The interlayer film 109 is an insulating film formed so as to cover a part of the upper surface of the mesa 120, the side surface of the mesa 120, and the bottom surface 120a around the mesa 120. For example, silicon nitride (SiN), silicon oxynitride (SiON) , Silicon oxide (SiO ₂ ).

  The upper electrode 110 is a p-side electrode formed on the interlayer film 109 and is in contact with the contact region 108 a of the contact layer 108 that is the uppermost layer of the mesa 120. The upper electrode 110 is formed of, for example, a multilayer film (metal film) in which Ti / Pt / Au are stacked in this order.

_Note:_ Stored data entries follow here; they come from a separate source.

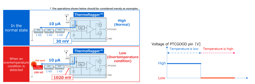 今天,我们深入了解了东芝Thermoflagger™ 的内部工作原理。它就像一个聪明的“电压判官”,通过检测PTC热敏电阻上电压的变化来判断温度是否异常。
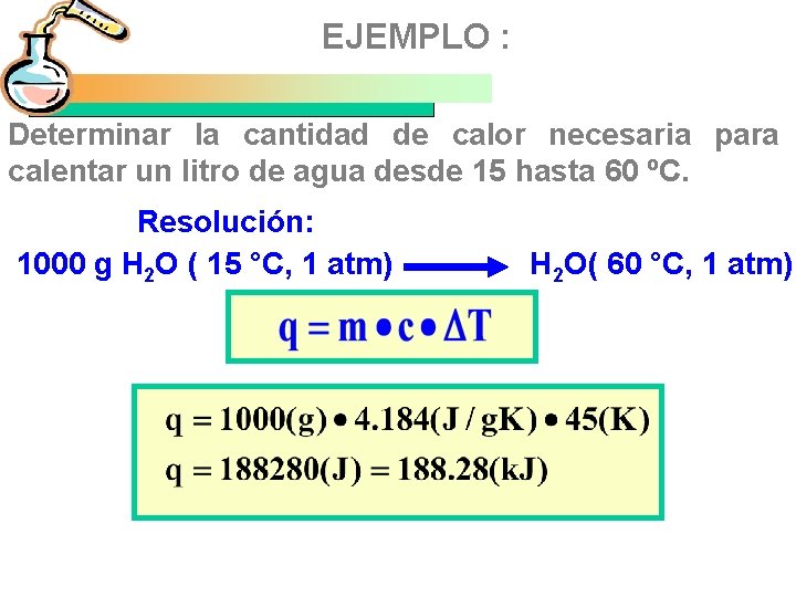 EJEMPLO : Determinar la cantidad de calor necesaria para calentar un litro de agua desde 15 hasta 60 ºC. Resolución: 1000 g H 2 O ( 15 °C, 1 atm) H 2 O( 60 °C, 1 atm)
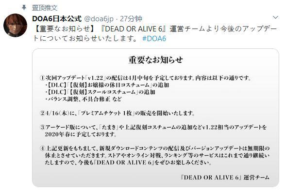 光荣特库摩官方在推特上宣布:PS4、Xbox One以及PC版本的《死或生6》即将无限期停止后续DLC内容和版本更新,不过,之后依旧会为玩家提供线上对战内容。
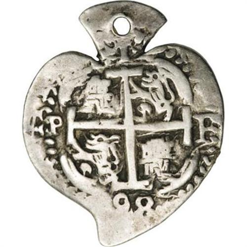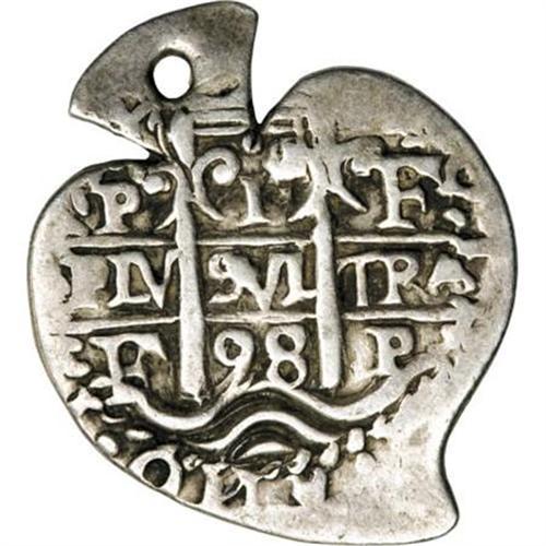 <B>Carlos II Heart-shaped cob 1 Real 1698P-F,</B></I> type of KM23, choice toned VF+, holed at the top, very attractive with a full second date, mintmark and assayer on the reverse. 4.37 grams (which is heavy for a 1 Real.) <BR><BR><b>Shipping:</b> Coins & Currency (<a target="_blank" href="http://www.heritageauctions.com/common/shipping.php">view shipping information</a>)
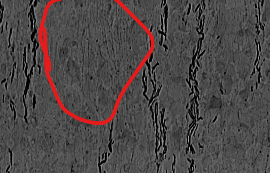 我这个是Zr-4合金,图中的粗的黑色条带状是氢化物,就是不知道红圈里的带状是什么,是滑移带吗?
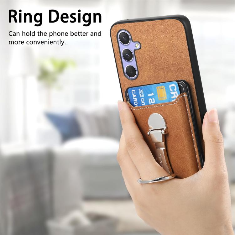 Funda retro plegable con anillo y tarjetero MagSafe para Samsung Galaxy A35 5G (marrón)
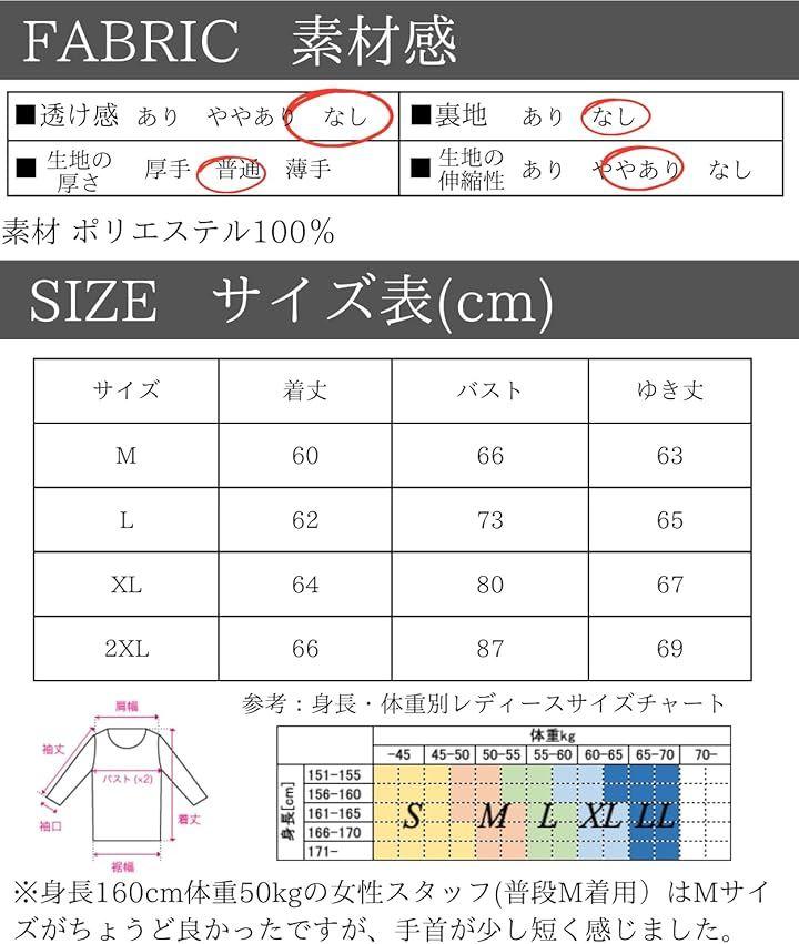 「素材」ポリエステル100%「カラー」ブラック(黒)、ホワイト(白)「サイズ(cm)」M:着丈60/バスト66/ゆき丈63 L:着丈62/バスト73/ゆき丈65 XL:着丈64/バスト80/ゆき丈67 XL:着丈66/バスト87/ゆき丈69

  The lower electrode 111 is an n-side electrode formed on the surface of the buffer layer 101 where the lower semiconductor DBR 102 is not formed. For example, a multilayer film (metal film) in which AuGe / Ni / Au are stacked in this order. It is formed by.

  The electrode pad portion 200 is formed to surround the periphery of the light emitting region LA, and is a portion that is electrically connected to the upper electrode 110 of the light emitting portion 100.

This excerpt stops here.